When I began to investigate the lives of
subsistence hunters such as the Cree in northern Quebec, I realized their
conception of human life on Earth was different, fundamentally different from
ours. In the Judeo-Christian civilization, our dominant Western model, the
human being is placed at the centre, it is the human who is expected to
dominate everything else, and from this comes our drive that is destroying the support-systems of Earth. Day after day it was brought home to me that
the Cree hunters had as their central belief the need for everything to be in
balance. They lived upon the animals they could find, but they realized they
had to maintain a balance with them if human life was to be sustained. Their rules for the hunting and killing of animals,
for preparing the food to be eaten, for disposing of the bones in a manner that
shows respect for the animals, turned out to be ecological principles designed
to maintain that balance between species, each one of which, whether an animal
or a bird, a rock or a tree, is invested with its own spirit, its own personality.
If their hunting failed, they tended to blame it on their behavior of the
previous season, when, perhaps, they had not shown the necessary respect for
the animals they lived with, and lived on.
Above everything I began to admire, and
envy, their habit of living in the moment: I saw many examples of this, especially
when they were in the environment in which they consider themselves masters.
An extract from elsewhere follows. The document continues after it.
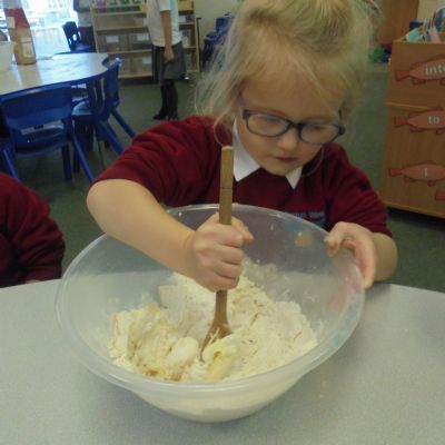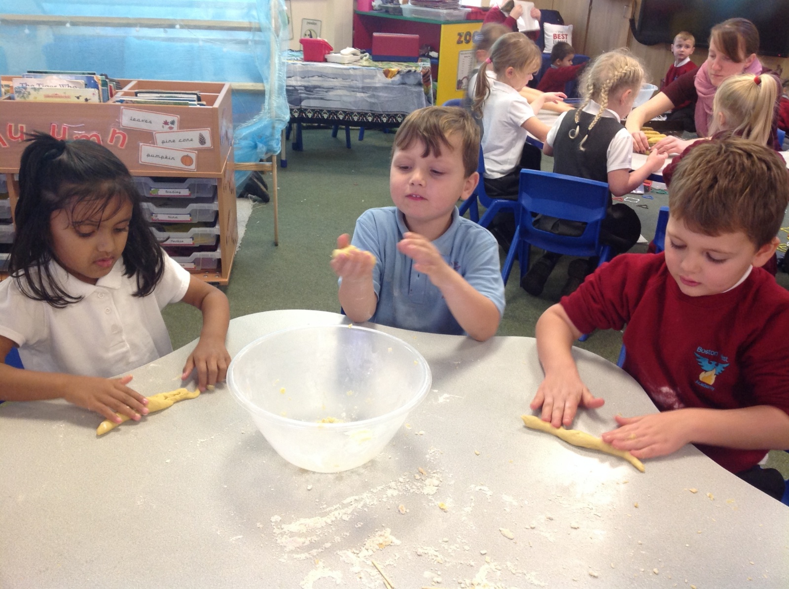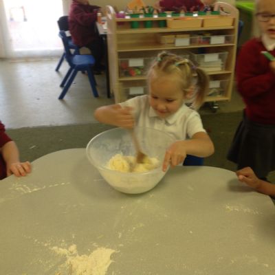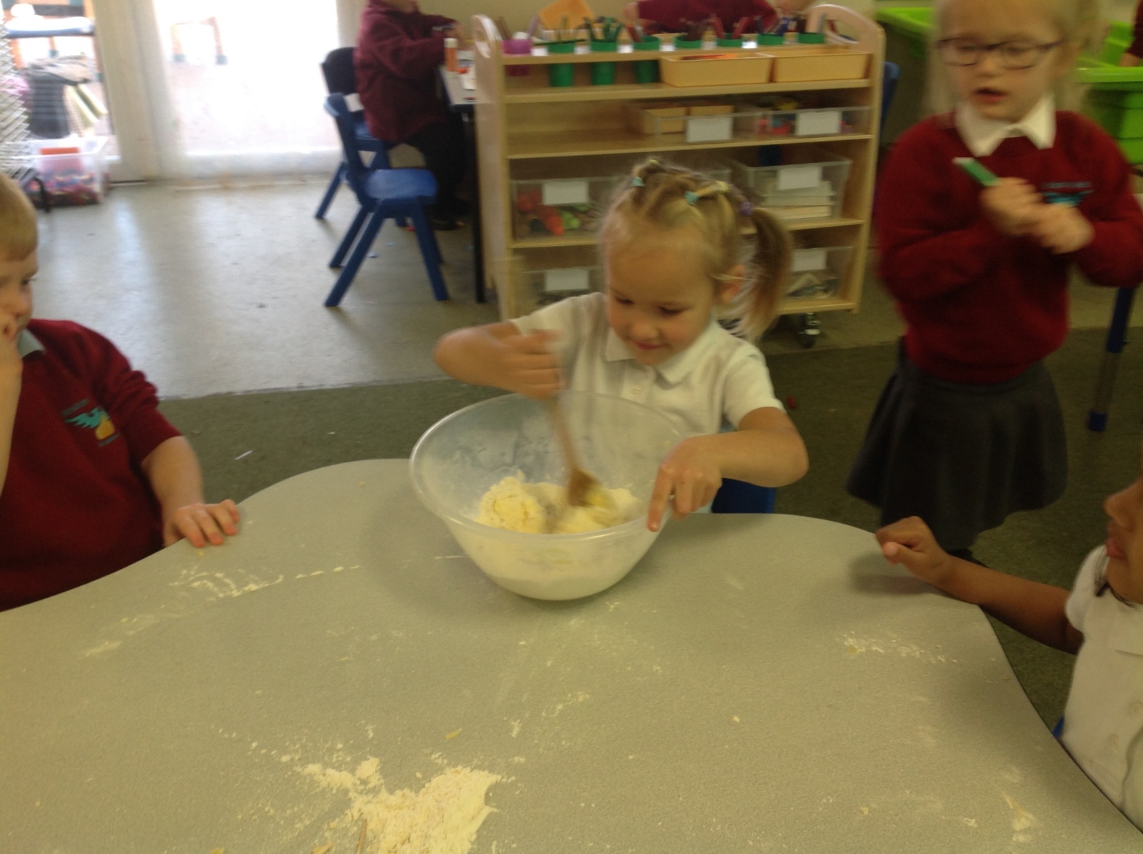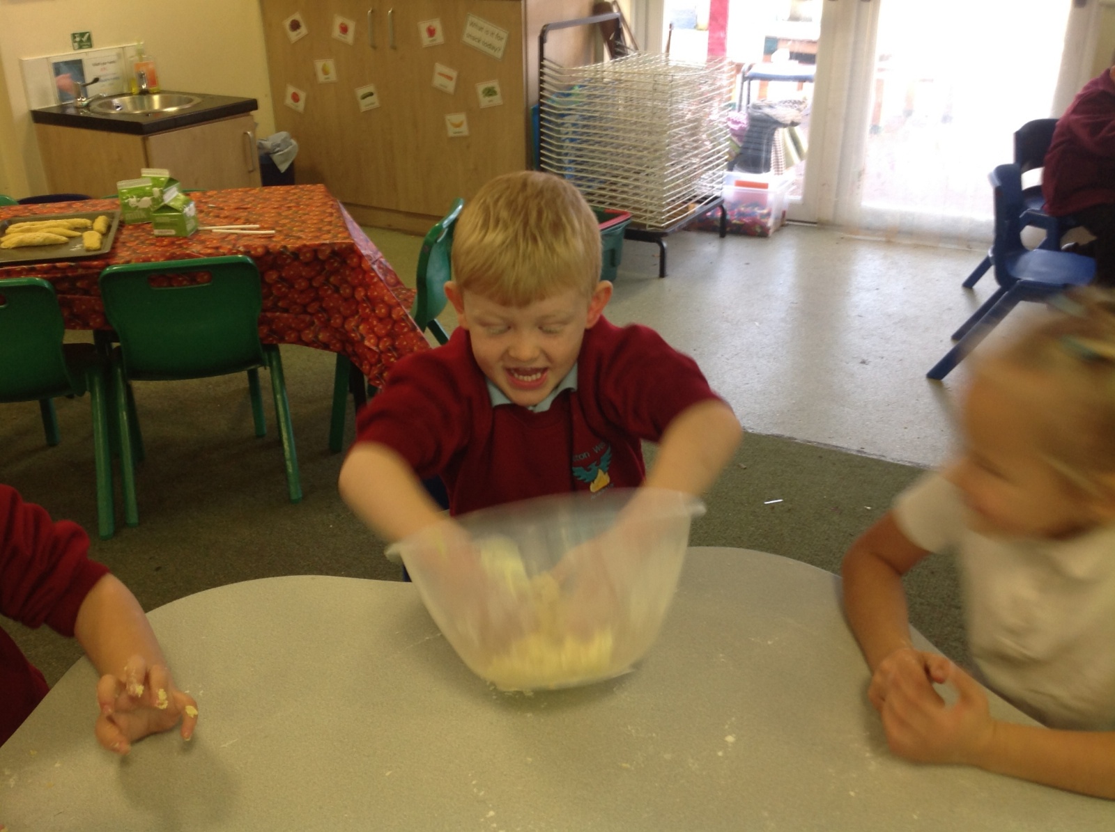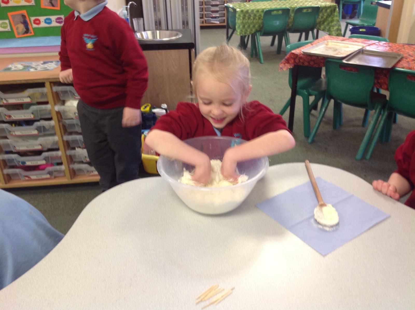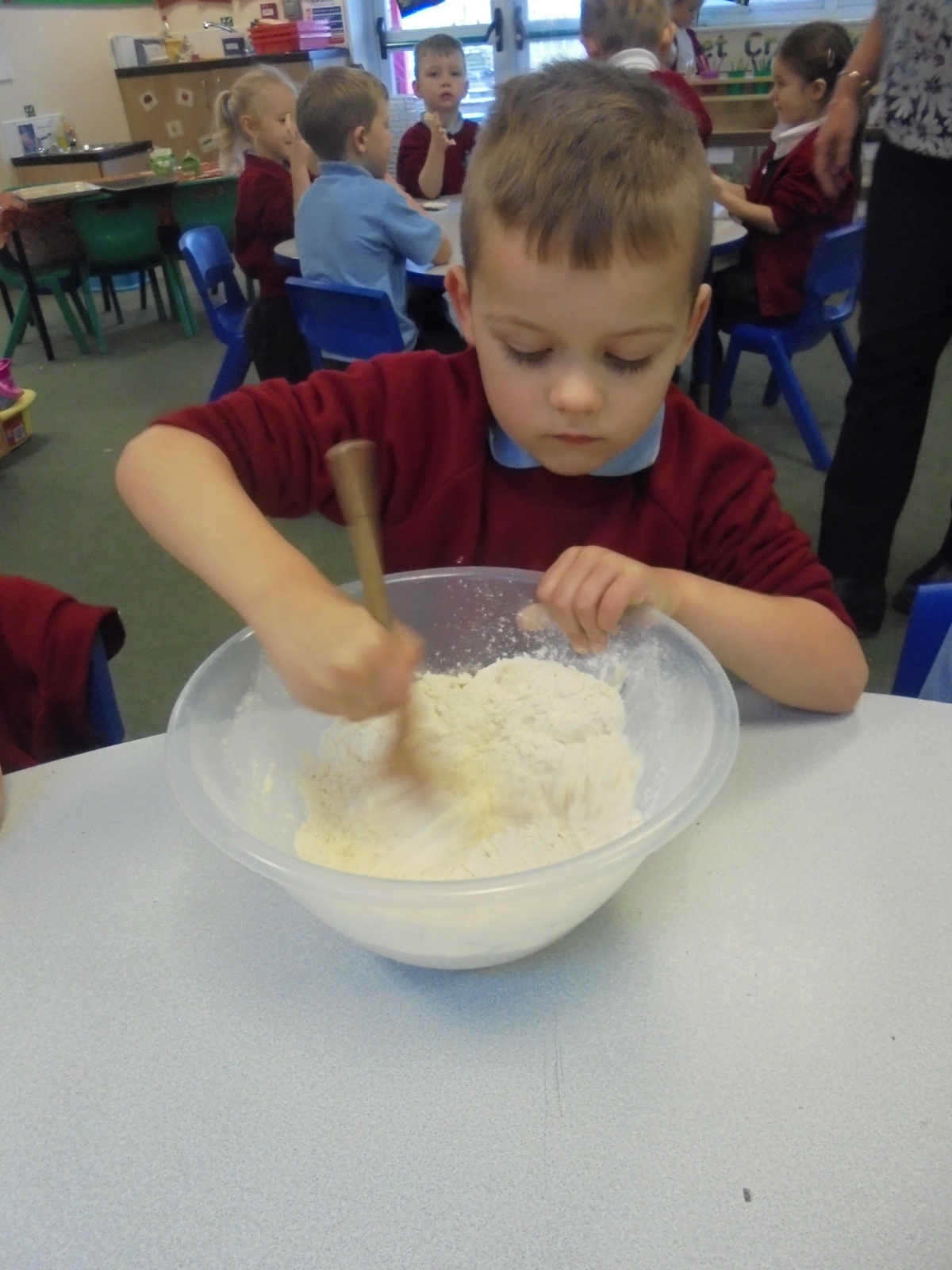 As part of our topic about jungle animals this week, we made some delicious snake biscuits using three ingredients: flour, sugar and butter. We had lots of fun mixing them together and shaping the dough into a snake shape, but best of all we enjoyed eating them!
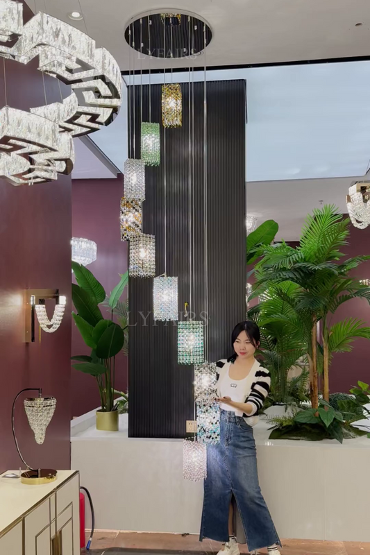 Modern Floating Colorful Crystal Chandelier for High Ceilings

But it was only when I went into their hunting camps to film their lives that I
realized the huge range of their capabilities, so much at odds with the low opinion
held of them by their European contemporaries. They not only knew how to find
animals that were almost at the extreme northern level of their range,
demonstrating in this a knowledge of the biology and behavior of the animals
that seemed far in advance of our western science, but they could hunt and trap
them expertly, they could butcher them
and prepare the meat, they could carve their own tools, and educate
their own children, without schools, and they could do all this in such a way
as to assure the continuation of their lives in the bush, all of them,
themselves as well as the animals and birds, and with it all continuing to care for the health of the land
that it was all happening on.
If we had been a wiser people, we would
have accommodated their perceptions about life, used them to our own advantage,
and allowed them to occupy their land and pursue their way of life, while
gradually they, as well as us, would make the adjustments needed to co-exist,
profitably for both sides.
Unfortunately I have to report that even to
this very day, we have not learned those valuable lessons they have to teach
us, but are still insisting on riding over all opposition as we force forward
our industrial consumerism with its destructive ways.